Segment Open

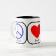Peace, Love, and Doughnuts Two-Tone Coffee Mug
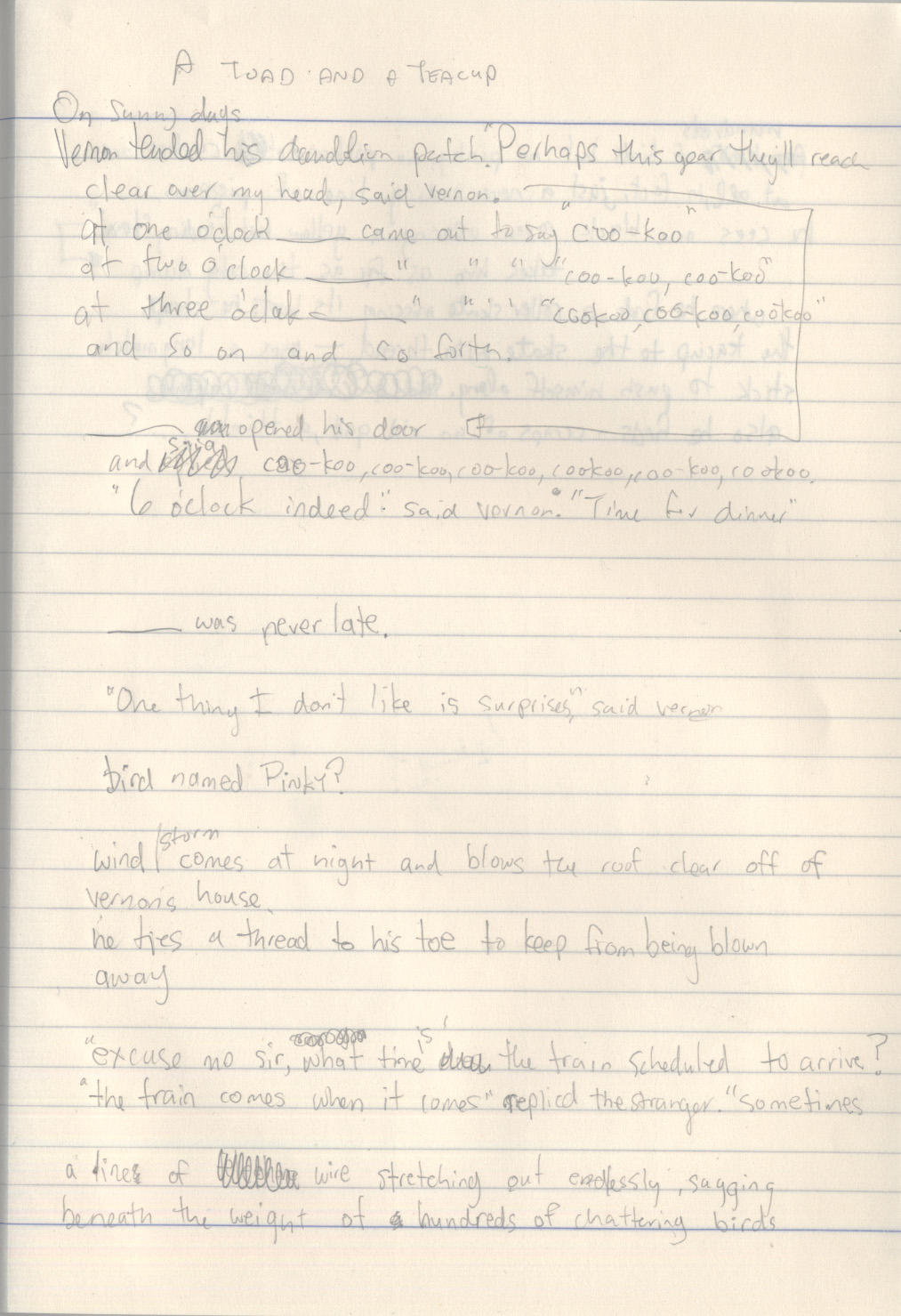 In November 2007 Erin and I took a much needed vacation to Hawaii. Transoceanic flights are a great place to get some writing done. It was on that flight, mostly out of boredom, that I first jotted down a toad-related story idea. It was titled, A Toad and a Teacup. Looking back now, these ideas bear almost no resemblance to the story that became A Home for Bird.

Segment Closed
Segment Open

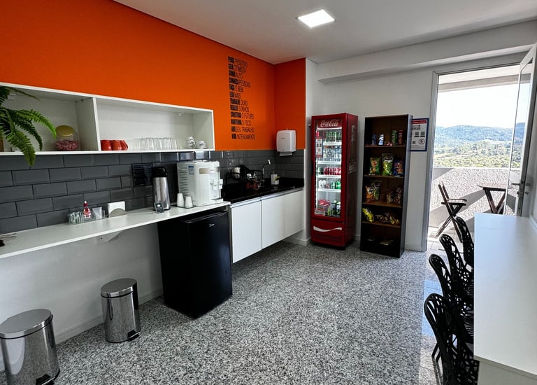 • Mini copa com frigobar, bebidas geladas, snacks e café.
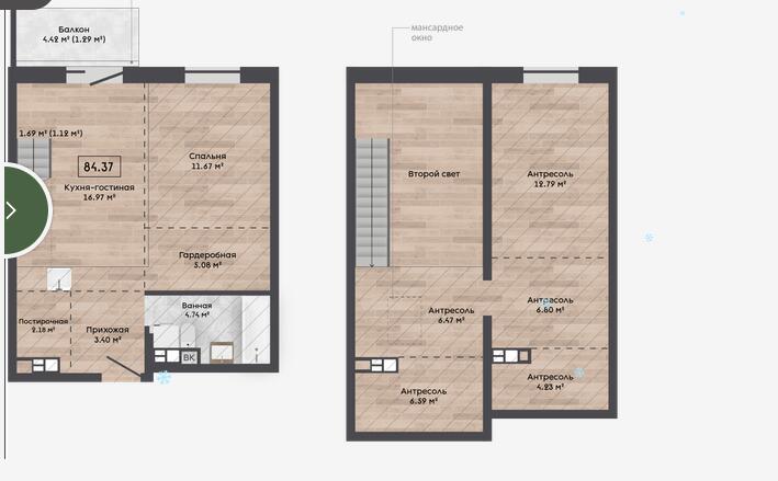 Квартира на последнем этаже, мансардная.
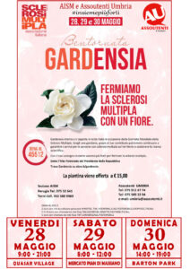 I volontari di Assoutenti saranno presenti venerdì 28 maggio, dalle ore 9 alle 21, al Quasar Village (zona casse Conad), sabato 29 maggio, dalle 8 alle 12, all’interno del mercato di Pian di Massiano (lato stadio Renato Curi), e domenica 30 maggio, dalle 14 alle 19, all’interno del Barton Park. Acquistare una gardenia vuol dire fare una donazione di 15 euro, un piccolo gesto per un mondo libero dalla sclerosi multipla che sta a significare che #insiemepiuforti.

Segment Closed

Exercise aim »
Copy nothing but the lines above that run from the one with "Квартира на последнем этаже, мансардная." to the one with "I volontari di", ends included; pictures stay out.

Completed exercise »
 Квартира на последнем этаже, мансардная.
 I volontari di Assoutenti saranno presenti venerdì 28 maggio, dalle ore 9 alle 21, al Quasar Village (zona casse Conad), sabato 29 maggio, dalle 8 alle 12, all’interno del mercato di Pian di Massiano (lato stadio Renato Curi), e domenica 30 maggio, dalle 14 alle 19, all’interno del Barton Park. Acquistare una gardenia vuol dire fare una donazione di 15 euro, un piccolo gesto per un mondo libero dalla sclerosi multipla che sta a significare che #insiemepiuforti.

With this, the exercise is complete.